Solve EM Induction

ID flux source → compute flux through surface → Faraday → EMF → Lenz → current direction → solve circuit eqns (RL transients + mag field energy).

Use When

• Induced EMF in loop/coil from time-varying B
• Motional EMF from conductor moving in static B
• Current direction via Lenz
• Mutual M (coupled coils) | self-L (single coil)
• RL transients (energize, de-energize, switch)
• Mag field energy | inductor energy

In

• Required: Source of changing flux (time-varying B, moving conductor, changing area)
• Required: Geometry of circuit/loop
• Required: Phys params (B mag, vel, R, L, geometry)
• Optional: Other circuit elements (R, additional L, sources)
• Optional: Initial conditions (I_0, U_0)
• Optional: Time interval

Do

Step 1: ID Flux Source

Classify mechanism producing time-varying flux:

1. Changing B: B(t) varies. Loop static. (AC magnet, approaching magnet, current ramp in nearby coil)
2. Changing area: A(t) varies. B may be static. (expanding/contracting loop, rotating coil in static field)
3. Motional EMF: Straight conductor through static B. Flux change = conductor sweeping area.
4. Combined: Both field + geometry change. Separate contributions for clarity.

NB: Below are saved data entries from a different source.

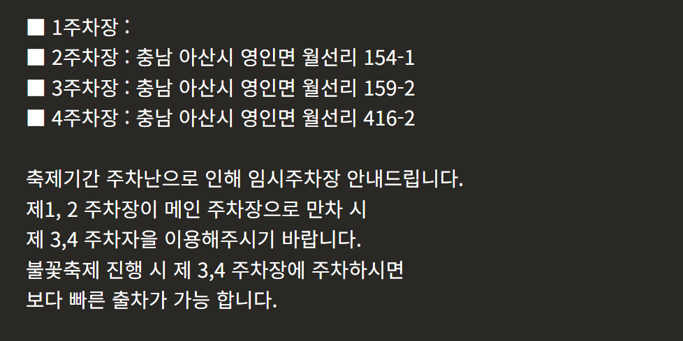 피나클랜드 불꽃축제는 자가용으로 방문하는 분들이 많아, 원활한 입장을 위해 축제 기간 동안 임시 주차장이 함께 운영됩니다.
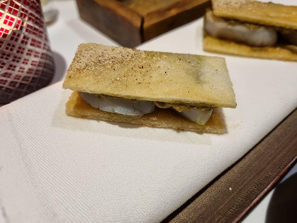 Jakobsmuscheln zwischen zwei sehr fettigen Trameziini. Leider der schwächste der Grüße unserer Meinung nach.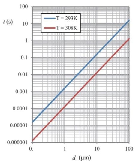 The values of the droplet’s evaporation time at selected ambient temperatures and for droplets of different diameters calculated from Equation (11) are shown graphically in Figure 5. The obtained results confirm the observations conducted for the sprayed liquid stream [,]. In the case of the standard velocity of the aerosol flowing through the dust duct of even 120 m/s (usually from 20 to 25 m/s), the droplets in the stream should be observed at a distance of 1 m from the outlet of the apparatus supplying the system with the liquid containing the catalyst (e.g., nebulizer, reactor). Under such flow conditions, the droplet’s lifetime should be above 0.0084 s.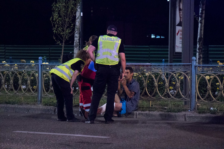 Близько 23:20 на бульварі Лесі Українки Opel Vivaro їхав в сторону Печерська. У цей момент по проїжджій частині йшов чоловік близько 40 років, який був, на думку автомобіліста, в нетверезому стані. Про це Інформатору розповів водій Opel. Пішохід хитнувся в бік авто і Opel, щоб уникнути зіткнення, повернув вправо і врізався в Volkswagen Polo, який рухався по бульвару в тому ж напрямку. Однак горе-пішохода Opel все-таки вдарив лівою стороною і повалив на асфальт.

Per mechanism, ID surface S bounded by loop C:

## Flux Change Classification
- **Mechanism**: [changing B / changing area / motional / combined]
- **Surface S**: [description of the surface bounded by the loop]
- **Time dependence**: [which quantities vary: B(t), A(t), v(t), theta(t)]
- **Relevant parameters**: [B magnitude, loop dimensions, velocity, angular frequency]

Got: Clear ID of why flux changes, surface to integrate, which quantities carry time dep.

If err: Ambiguous (deforming loop in non-uniform field) → decompose: field change at fixed geom + geom change in instantaneous field. Always valid.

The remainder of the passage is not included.